For each figure below, the underlying data are generated from the Friedman-Silverman function. In addition to the output of the function, a corresponding set of data is generated that has a linear correlation coefficient of 0.9 with the outputs. A corresponding set of data is also generated that has a quadratic relationship with the function output. Finally, normally distributed noise with scale 1.0 is added to all data. There are 128 test and 128 train points. The number of bags is varied, and we plot either the negative log probability density (NLPD) or the standard confidence, calculated over the test data.
As the number of bags increases, the bias correction term vanishes and both methods 1 and 2 should approach the same, "correct" answer. The ideal method will approach this limit as quickly as possible. We find that method 2 performs best, and that's what we already have implemented, so we keep it.
Here is the NLPD when estimating the correlation coefficient for predictions made on the output and the linearly correlated data. As expected, methods 1 and 2 approach the same limiting value. But method 2 performs well even when the number of trees is small. Methods 3 and 4 are less accurate.

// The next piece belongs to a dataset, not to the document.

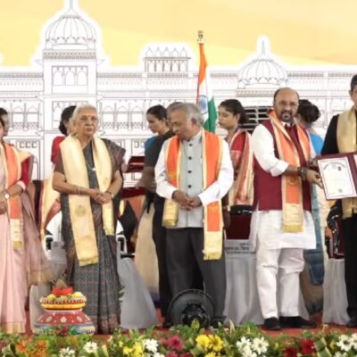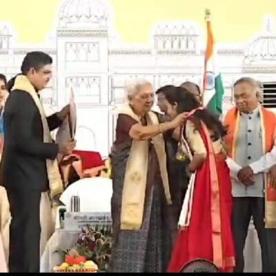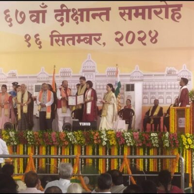 (ii) Three Gold Medals and cash prize awarded to Janhvi Patel, M.A. (Sanskrit), Semester- IV, 2023- 24: Janhvi Patel, a Post Graduate student of the Department of Sanskrit in Feroze Gandhi College, Rae Bareli was awarded Raja Sir Harnam Singh- Harcourt Butler Gold Medal, 2024, Kumari Vimla Puri Gold Medal, 2024, Smt. Chandra Devi and Shri Radha Krishan Arunvanshi Gold Medal, 2024 and Smt. Indrani Devi Memorial Cash Prize, 2024 in the 67th Convocation of the University of Lucknow held on 16.09.2024 for having secured the highest aggregate percentage of marks in M.A. (Sanskrit) Programme (Semester- I to Semester- IV), 2022- 24 of the University of Lucknow.

The result is similar when making estimating the correlation coefficient between the output and the quadratically correlated data.
If we plot standard confidence, which should be 68%, we see that method 2 underestimates and methods 3 and 4 overestimate. Method 1 approaches the same value as method 2, but again requires too many bags.
The above results were all on prediction intervals, which incorporate noise. If we consider confidence intervals, which attempt to capture the true value, the jackknife variance estimate doesn't perform as well, and this shows through in the analysis of the estimated correlation coefficient. Methods 3 and 4 have a lower NLPD value, but I believe that is due to cancellation of errors. Method 2 is still better than method 1 (it's NLPD is lower and it's closer to the limiting value).
*I set the allowed range to [-0.999, 0.999] instead of [-1, 1]. Although correlation values of +/- 1 are legitimate, they lead to degeneracies and numerical issues. And for all practical purposes, 0.999 is the same as 1.0 in this case. *If the two outputs have variance
V_x
andV_y
, then the covariance cannot exceed `sqrt(V_x V_y)in magnitude. Since
Nterms are summed together, we might expect to bound the magnitude of each term by
sqrt(V_x * V_y)/N`. But since methods 3 and 4 don't approach the correct limiting values, I conclude that it is expected and correct for some individual terms to be larger.